The team that created WWII-based flight sims such as Secret Weapons Of The Luftwaffe made X-Wing and TIE Fighter, an interesting parallel with George Lucas having based the dogfights in A New Hope on those of WWII movies. But because Star Wars space battles lack such real-world inconveniences as the ground and stalling, TIE Fighter’s battles are much closer to the filmic ideal. Without the need to emulate proper space physics, they are close-up and intense, quarry and hunter twisting and turning against a starfield shot through with green and orange laser bolts.
But the great attraction of TIE Fighter is that it is, at heart, a simulation, even if it’s a simulation of something that doesn’t exist. Its depiction of how a starfighter works is coherent and far-reaching, a design based on the fantastical but rooted in logic and game design. Just as the films formed a rich fictional universe through consistency and subtlety in every element onscreen, so too does TIE Fighter build a reality of space combat in the details of how the ships work, how other craft behave, and the strategy behind the way the missions are planned.
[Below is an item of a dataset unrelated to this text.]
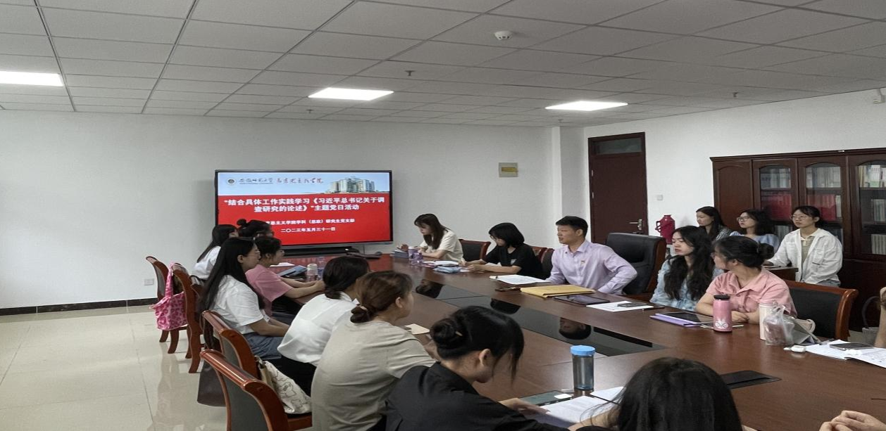 党支部陈春苗同志结合自身工作实践带领支部党员从什么是调查研究、为什么要进行调查研究、如何贯彻落实调查研究三个方面学习了《习近平关于调查研究论述摘编》。陈春苗同志指出作为一名学科思政专业的员工,我们即将从事政治课教学,只有始终坚持和不断加强调查研究,才能全面系统掌握习近平新时代中国特色社会主义思想的基本观点、科学体系,增进对党的创新理论的思想认同、理论认同、情感认同。

The premier example is the TIE’s power system, a design identical to that in X-Wing because, well, it couldn’t really be bettered. It supposes that each starfighter produces a certain amount of energy that can be routed to the engine, shields, lasers and other energy guns that may be present. The balance can be shifted – increasing laser or shield recharge rate takes power from the engines and therefore slows you down, while going top speed means draining energy from your shield or laser reserves. Each battle demands careful strategy: if shields are depleted, laser energy can be desperately piled into them to restock, but you may be left without the ability to fire. Shield energy can also be shifted between the front and rear of the ship – attacking a capital ship bristling with turrets might require all power forward, for instance, but don’t neglect your rear when you’re powering away again. During battles, therefore, your right hand will be keying in power configurations while your left flies the TIE Fighter, a feat of co-ordination that takes time to learn but is thoroughly satisfying to master.
Such intricacies would mean little without the canvas of TIE Fighter’s mission scripting to play against, however. Briefings are soberly diagrammatic, describing carefully planned waves of attacks: Assault Gunboat Tau will destroy the minefield so that Imperial transports can take out the Calamari Cruiser; TIE group Alpha will take out the enemy fighters before a TIE Bomber group comes in to destroy the freighters. They imply a grander strategy, further contextualising your actions, such as a mission in which you are ordered not to kill all of the enemy ships; your aggression is considered enough to give their commanders a message.
The tight pacing of these choreographed encounters makes their design feel more closely related to the halls and corridors of an FPS than empty space. And yet they come with emergent complexity that sees plans go awry, with you the centrepiece of getting things back on track, and clear orders obscured by the density of action around you. Juggling your shields and jinking your ship around to avoid the shots of the A-Wings on your tail while lining up your reticule on your target, all the while making sure you’re aware of what’s happening throughout the whole skirmish – that your capital ship isn’t under fire, that a group of enemy shuttles isn’t getting away. It gets intense.
So why is it better than X-Wing? It isn’t just the smoothed 3D graphics, improved map, targeting systems and AI – it’s the danger of piloting an unshielded TIE Bomber against an assault transport, which features a rear-mounted turret. It’s about getting your hands on the military hardware that the Empire can bring to bear on its enemies. It’s about the storytelling woven around and through the missions. It’s about being a cog in the Imperial machine. Your masters are hard to please and you’ll be rescued from countless sparking fighter wrecks, but they sure give out some great jobs.